When the turn ends, the server emits a Turn message with end_of_turn: true and the final transcript.
{
  "turn_order": 0,
  "turn_is_formatted": true,
  "end_of_turn": true,
  "transcript": "My name is Sonny.",
  "end_of_turn_confidence": 1,
  "words": [
    {
      "start": 1216,
      "end": 1635,
      "text": "My",
      "confidence": 0.956583,
      "word_is_final": true
    },
    {
      "start": 1676,
      "end": 2515,
      "text": "name",
      "confidence": 0.999199,
      "word_is_final": true
    },
    {
      "start": 2556,
      "end": 2975,
      "text": "is",
      "confidence": 0.999535,
      "word_is_final": true
    },
    {
      "start": 3016,
      "end": 4155,
      "text": "Sonny.",
      "confidence": 0.316031,
      "word_is_final": true
    }
  ],
  "utterance": "My name is Sonny.",
  "type": "Turn"
}

Keep alive

KeepAlive messages are not required. By default, sessions remain open until explicitly terminated or until the 3-hour maximum session duration is reached. KeepAlive is only relevant if you have configured the inactivity_timeout connection parameter, which closes the session after a period of no audio or messages being sent. If you are using inactivity_timeout and want to keep the session open during periods where no audio is being sent, send a KeepAlive message to reset the inactivity timer:
{ "type": "KeepAlive" }

Session termination

To end a session, the client must send a Terminate message. The server then responds with a Termination message containing the total audio and session durations, and closes the connection. Client sends:
{ "type": "Terminate" }
Server responds:
{
  "type": "Termination",
  "audio_duration_seconds": 13,
  "session_duration_seconds": 13
}
After receiving the Termination message, no further messages will be sent and the WebSocket connection will be closed.
If Streaming Diarization is enabled (speaker_labels: true), the server may emit a SpeakerRevision message immediately before Termination.

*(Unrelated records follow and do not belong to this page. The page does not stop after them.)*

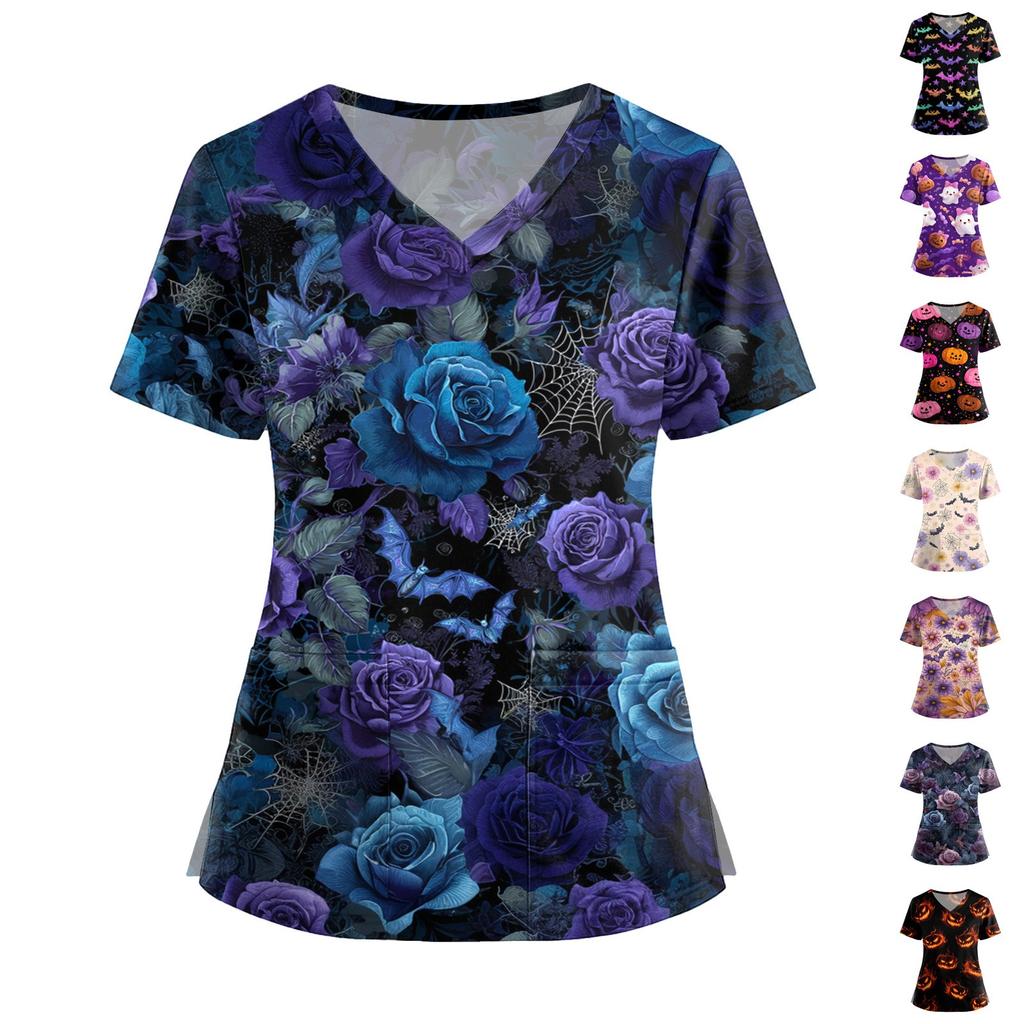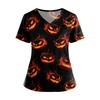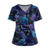 Damenmode V-Ausschnitt Kurzarm Overalls mit Taschen Print Tops Kleidung
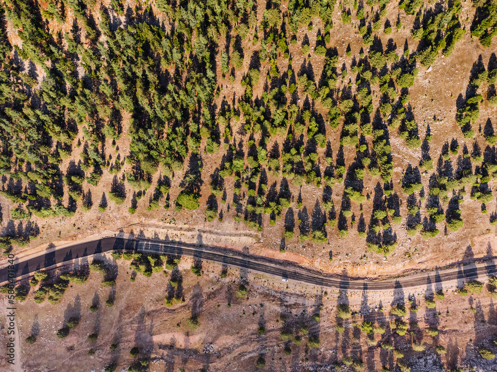 The aerial view of the scenic mountain road in Turkey is truly majestic, as it offers a breathtaking panorama of the surrounding landscape.
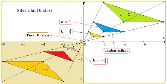 - Jika k > 1,maka bangun bayangan diperbesar dan terletak sepihak terhadap pusat dilatasi dan bangun semula.
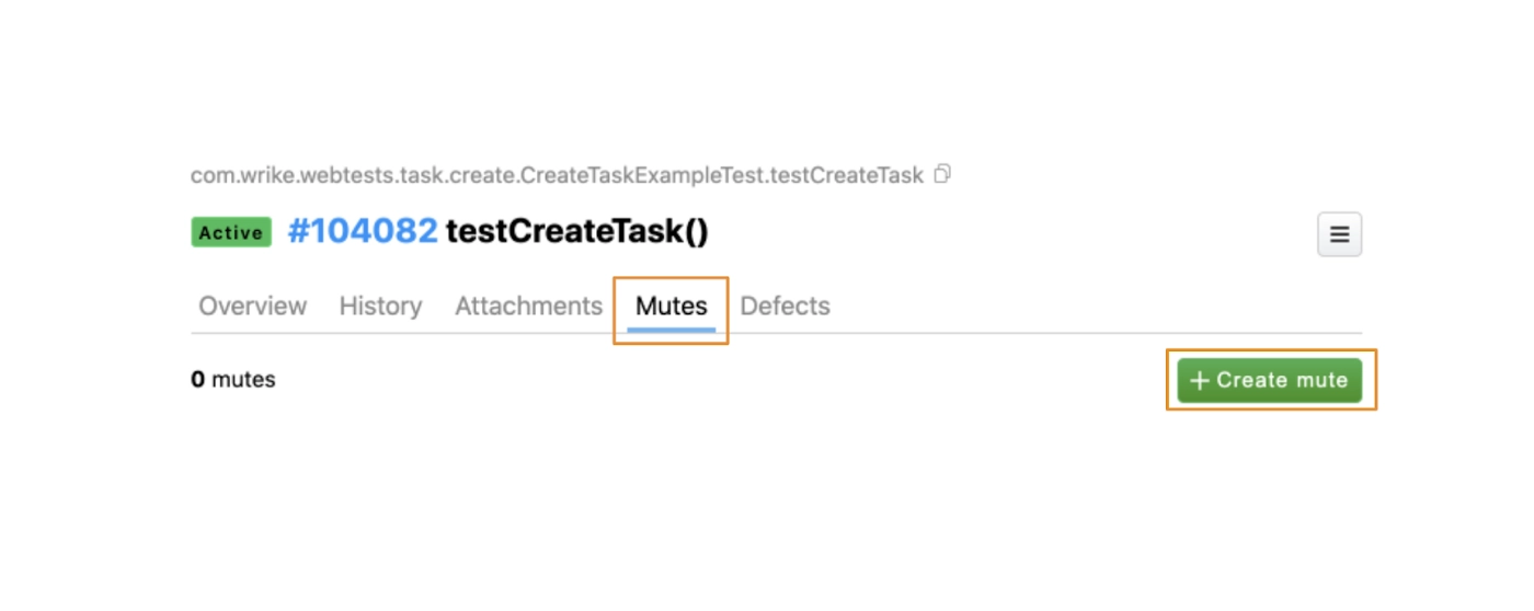 To do so, in Allure TestOps there’s a tab called Mutes, in which there’s a button “create mute” that allows us to mute the test:

The end-of-session refinement adds approximately 400ms of latency at session close. See Revised speaker labels for the message schema and consumption guidance.
Always terminate sessions explicitly. Streaming is billed per session — sessions that are not terminated remain open and continue to accrue charges until the server auto-closes them after 3 hours (error code 3008). See Common errors for more details.